Data records =
══════════
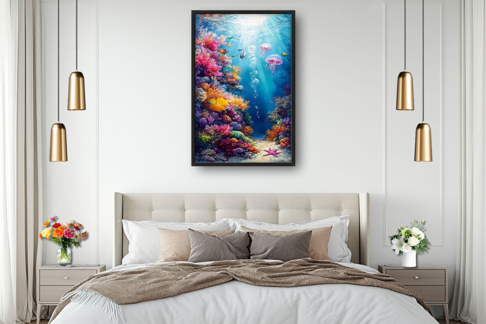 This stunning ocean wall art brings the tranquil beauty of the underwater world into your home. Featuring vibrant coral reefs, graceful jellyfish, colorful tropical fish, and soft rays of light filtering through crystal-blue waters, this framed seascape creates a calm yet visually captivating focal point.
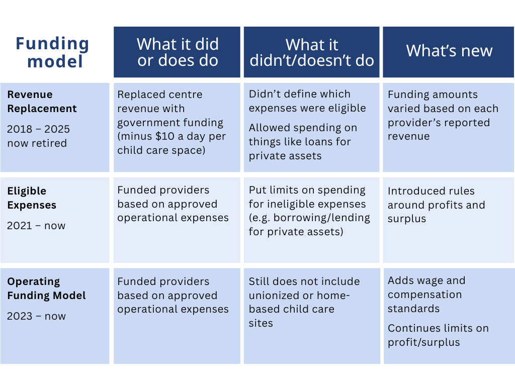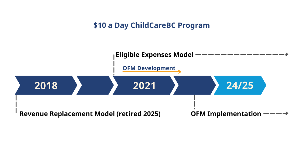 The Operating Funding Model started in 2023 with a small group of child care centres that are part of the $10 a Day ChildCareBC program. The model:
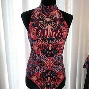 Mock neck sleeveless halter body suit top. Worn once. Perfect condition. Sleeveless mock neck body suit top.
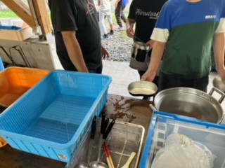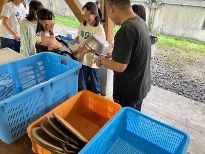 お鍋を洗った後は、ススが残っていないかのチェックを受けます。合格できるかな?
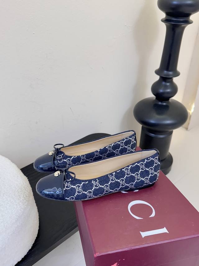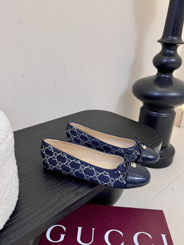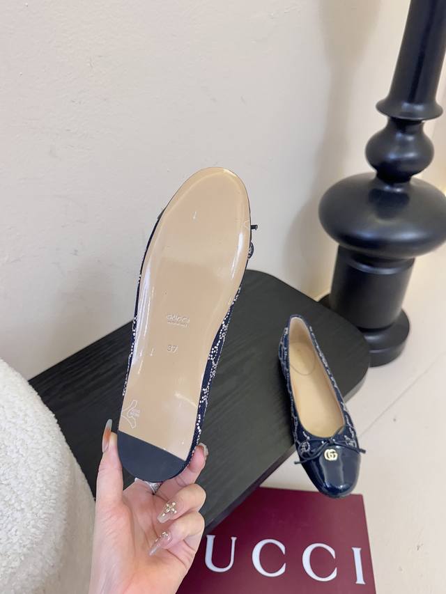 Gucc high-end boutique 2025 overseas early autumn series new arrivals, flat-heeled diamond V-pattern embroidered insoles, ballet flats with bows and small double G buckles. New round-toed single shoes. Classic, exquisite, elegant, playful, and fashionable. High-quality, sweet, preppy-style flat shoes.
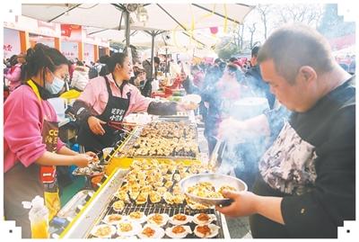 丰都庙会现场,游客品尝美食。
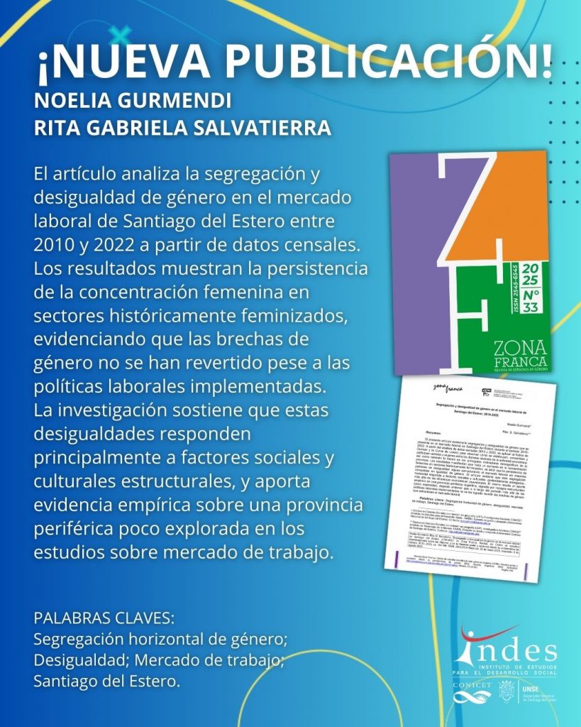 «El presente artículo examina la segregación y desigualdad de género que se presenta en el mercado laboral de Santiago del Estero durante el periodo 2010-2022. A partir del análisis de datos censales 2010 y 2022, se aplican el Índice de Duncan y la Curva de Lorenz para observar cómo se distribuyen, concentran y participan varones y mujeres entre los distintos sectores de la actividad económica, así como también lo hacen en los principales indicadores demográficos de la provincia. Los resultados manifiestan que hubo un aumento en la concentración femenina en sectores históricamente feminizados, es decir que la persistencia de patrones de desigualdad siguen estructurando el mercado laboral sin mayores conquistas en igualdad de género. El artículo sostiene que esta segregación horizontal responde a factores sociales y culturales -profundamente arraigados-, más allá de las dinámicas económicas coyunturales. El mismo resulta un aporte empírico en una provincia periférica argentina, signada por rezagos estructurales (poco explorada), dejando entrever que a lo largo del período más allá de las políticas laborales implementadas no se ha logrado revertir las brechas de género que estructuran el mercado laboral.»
══════════
What to produce = Copy out exactly, with no pictures, the lines of the data from the first one through the line bearing "丰都庙会现场,游客品尝美食。".

Answer for the task =
 This stunning ocean wall art brings the tranquil beauty of the underwater world into your home. Featuring vibrant coral reefs, graceful jellyfish, colorful tropical fish, and soft rays of light filtering through crystal-blue waters, this framed seascape creates a calm yet visually captivating focal point.
 The Operating Funding Model started in 2023 with a small group of child care centres that are part of the $10 a Day ChildCareBC program. The model:
 Mock neck sleeveless halter body suit top. Worn once. Perfect condition. Sleeveless mock neck body suit top.
 お鍋を洗った後は、ススが残っていないかのチェックを受けます。合格できるかな?
 Gucc high-end boutique 2025 overseas early autumn series new arrivals, flat-heeled diamond V-pattern embroidered insoles, ballet flats with bows and small double G buckles. New round-toed single shoes. Classic, exquisite, elegant, playful, and fashionable. High-quality, sweet, preppy-style flat shoes.
 丰都庙会现场,游客品尝美食。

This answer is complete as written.